Extra needed workers can be added on to new servers instead of adding them to the same machine. It helps in docker swarm, K8s or any other container orchestrator platform. We just need replicate the number of instances of the needed containers and the platform takes care of placing them on available nodes/servers/workers.

@vrslev you have anything to say about why use multiple containers?

@zwessels I'll recommend continue using https://github.com/pipech/erpnext-docker-debian for your use case. That image also has redis-server and mariadb-server installed. It will act like a single VM image as you expect.

[vrslev]

@zwessels It is good practice to run one service per container. It helps for debugging, logging, scaling, reusability, upgrades, security etc. I suggest you to look at these sources:

https://docs.docker.com/develop/develop-images/dockerfile_best-practices/#decouple-applications

https://devops.stackexchange.com/questions/447/why-it-is-recommended-to-run-only-one-process-in-a-container

frappe/bench image is meant to be used development. It would be near to impossible to develop and debug something on production Docker setup. Frappe framework has quite a lot external dependencies and this image helps to bootstrap local development.

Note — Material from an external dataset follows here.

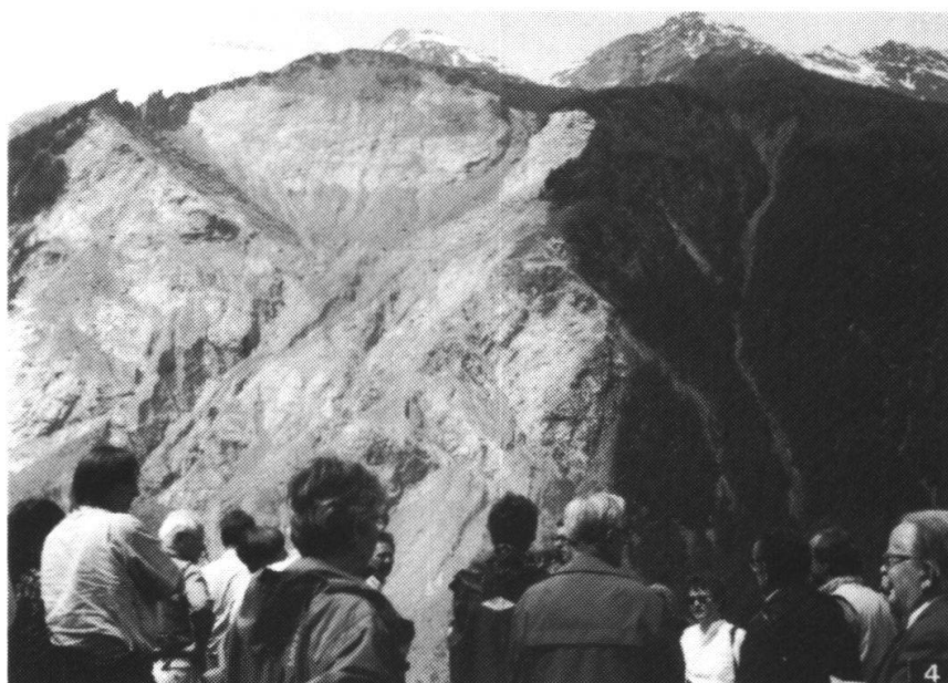
4. Der gewaltige Bergsturz von 1985 im Veltlin vom Gegenhang gesehen

If you want not to worry about Docker and stuff, just use official virtual machine image. pipech’s image is a compromise.

[github-actions[bot]]

This issue has been automatically marked as stale. You have a week to explain why you believe this is an error.

[kevgeni]

I still find the current implementation too hard to understand, but it's up to you if you simplify it or not.

[vrslev]

@kevgeni Current implementation — on main branch or vrslev/beautify?

[kevgeni]

Sorry for the confusion. I was seeing the issue in frappe_docker being dropped. I reiterated that the docker implementation in official frappe/frappe_docker is hard to understand. Happy that you continue to work on your version.